Rethink your office landscape for maximum mobility - GulfToday

Rethink your office landscape for maximum mobility

A combination of sitting, standing, and moving over the course of the workday is the best way to avoid postural risk and physical comfort.

Manjula Ramakrishnan

“Our bodies are made for movement. Standing and moving are unique biological triggers that play a key role in being healthy.
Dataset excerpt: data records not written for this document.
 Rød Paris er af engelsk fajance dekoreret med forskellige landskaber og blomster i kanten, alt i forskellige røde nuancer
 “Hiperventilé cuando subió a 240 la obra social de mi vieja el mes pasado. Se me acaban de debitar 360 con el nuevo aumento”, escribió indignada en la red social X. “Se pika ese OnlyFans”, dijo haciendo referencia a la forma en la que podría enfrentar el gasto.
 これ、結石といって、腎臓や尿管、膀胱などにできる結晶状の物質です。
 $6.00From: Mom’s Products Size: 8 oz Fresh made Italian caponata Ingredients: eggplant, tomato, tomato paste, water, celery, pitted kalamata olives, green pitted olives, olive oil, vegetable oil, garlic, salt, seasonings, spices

Unfortunately, the sedentary life that many office workers have adopted affects their health regardless of how carefully they eat or how much they exercise,” says Stacy Stewart, regional director for the Middle East and Africa region, Herman Miller.
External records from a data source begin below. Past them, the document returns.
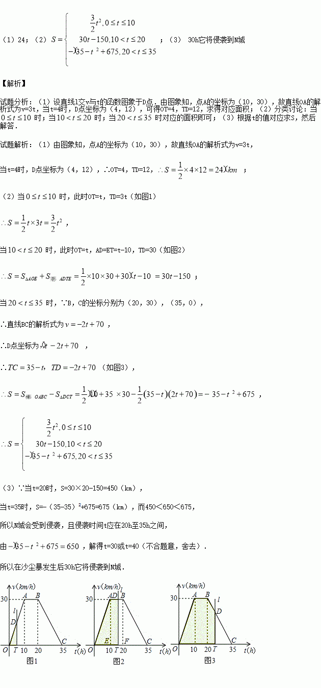 据气象中心观察和预测:发生于M地的沙尘暴一直向正南方向移动,其移动速度v(km/h)与时间t(h)的函数图象如图所示,过线段OC上一点T(t,0)作横轴的垂线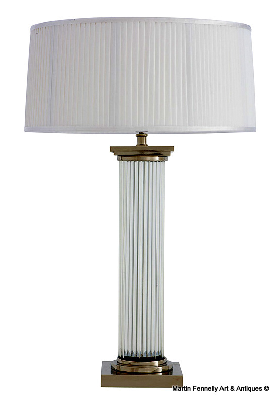 A style to endure changing trends This Pair of Crystal and Nickel Table Lamps with pure white pleated shades and elegant crystal stands are timeless and chic.Inspired by the Doric column forms of ancient Greece, the transparent base includes traditional fluting and is finished with a glossy metal capital and base.The design’s noble structure and interesting shade proportions make it fabulously graceful whilst giving it an inimitable modern gravitas.
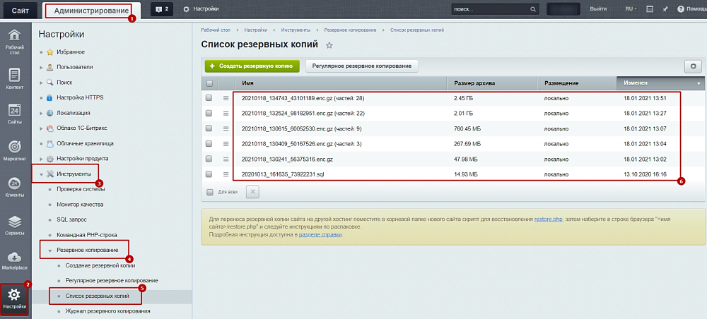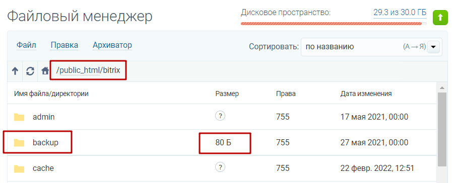 Не сохраняется информация, картинки на сайте? ошибки при создании или восстановлении резервной копии 1С-Битрикс (возможно закончилось место на хостинге)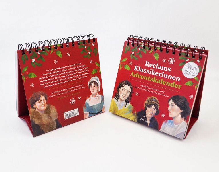Im Laufe der Geschichte haben Frauen in der Literatur immer wieder ihre Stimmen erhoben. Ob ironisch, rebellisch oder poetisch: Viele ihrer Zitate und Sprüche sind und bleiben zeitlos und fesselnd. Dieser hochwertige Adventskalender zum Aufstellen versammelt 24 der besten Weisheiten berühmter Frauen aus Literatur und Poesie. Eine Kraft- und Inspirationsquelle für jeden Tag im Advent. Die liebevollen Illustrationen der Künstlerin Lara Paulussen fangen den einzigartigen Charakter der berühmten Frauen auf ganz besondere Weise ein. Ein literarischer Begleiter durch die Vorweihnachtszeit und ein Blickfang für jeden Schreibtisch und jedes Regal.
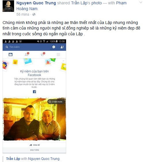 Nhạc sĩ Quốc Trung chia sẻ ảnh kỷ niệm với ca sĩ Trần Lập trên mạng xã hội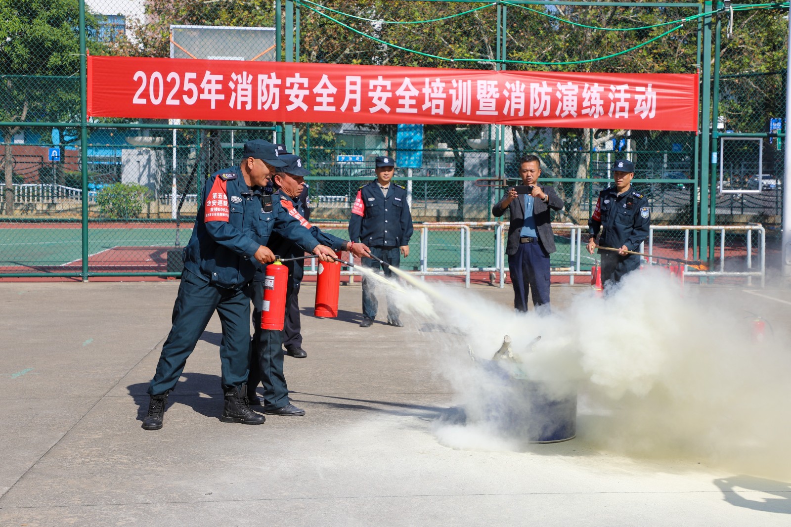 隨后,培訓(xùn)專家?guī)ьI(lǐng)大家進(jìn)行了應(yīng)急演練活動(dòng)。盧波警官逐一詳細(xì)介紹了各項(xiàng)反恐裝備的使用,并與安保人員一同模擬使用。在專業(yè)人士的監(jiān)督和指導(dǎo)下,中心干部職工積極參與滅火器的實(shí)操演練,對模擬火源進(jìn)行撲救,進(jìn)一步增強(qiáng)對消防器材使用的熟練度。

Herman Miller is a globally recognised provider of furnishings, related technologies and services.  Since its inception in 1905, the company has relied on innovative designs to offer a variety of products for environments where people live, learn, work and heal.

“A study that followed 17,000 Canadians, ages 18 to 90, for 12 years showed that ‘the time spent sitting on a daily basis was associated with an elevated risk of cardiovascular disease and mortality’,’’ Stacy explained to Panorama.

Rest of the interview follows.

Can you explain the philosophy – sit, stand, move, repeat – that Herman Miller promotes?

The human body is made to move, and for the first six million years, humans either did keep moving (quickly and often), or they didn’t survive. Even during agrarian times, people spent their days moving from one chore to the next. Activity wasn’t built into life; it was life. Then came the Industrial Revolution and the era of industry and, soon after, high technology.

Today, in an era of ideas in which the greatest value is derived from creativity, many people sit much of the time. Nearly 50,000 adults around the world reported they sit three to eight hours each workday, with many of those in developed countries sitting more than nine hours a day. Sitting and seldom moving leads to office workers feeling often drowsy, easily fatigued, and prone to injury. Providing people with natural ways to move throughout their workday can reverse these negative effects and contribute to people’s overall health.


Stacy Stewart, regional director for Herman Miller.

What are the ill-effects of prolonged sitting?

Sitting for extended time periods is linked with visual symptoms, high triglycerides, obesity, insulin resistance, cardiovascular disease and cancer. Without regular and incidental standing and walking, the activity of lipo-protein lipase, the enzyme that breaks down plaque-causing fats in our blood, drops off significantly.

Prolonged sitting has also been shown to result in increasing worker discomfort over the course of the workday. And, research shows an association between increasing discomfort and decreasing productivity, as well as future pain. What’s more, the causal chain from prolonged, immobile sitting to possible health risks exists even when one sits in a highly adjustable, ergonomically supportive work chair.

So is standing as often as possible the next best thing to do?

If sitting all day poses such risks, some say the answer is to stand. However, abandoning one’s chair to work all day at a stand-up surface is associated with its own hazards: lower extremity discomfort and fatigue, lower extremity swelling and venous pooling, lower back pain, and entire body fatigue could be the result of excessive standing.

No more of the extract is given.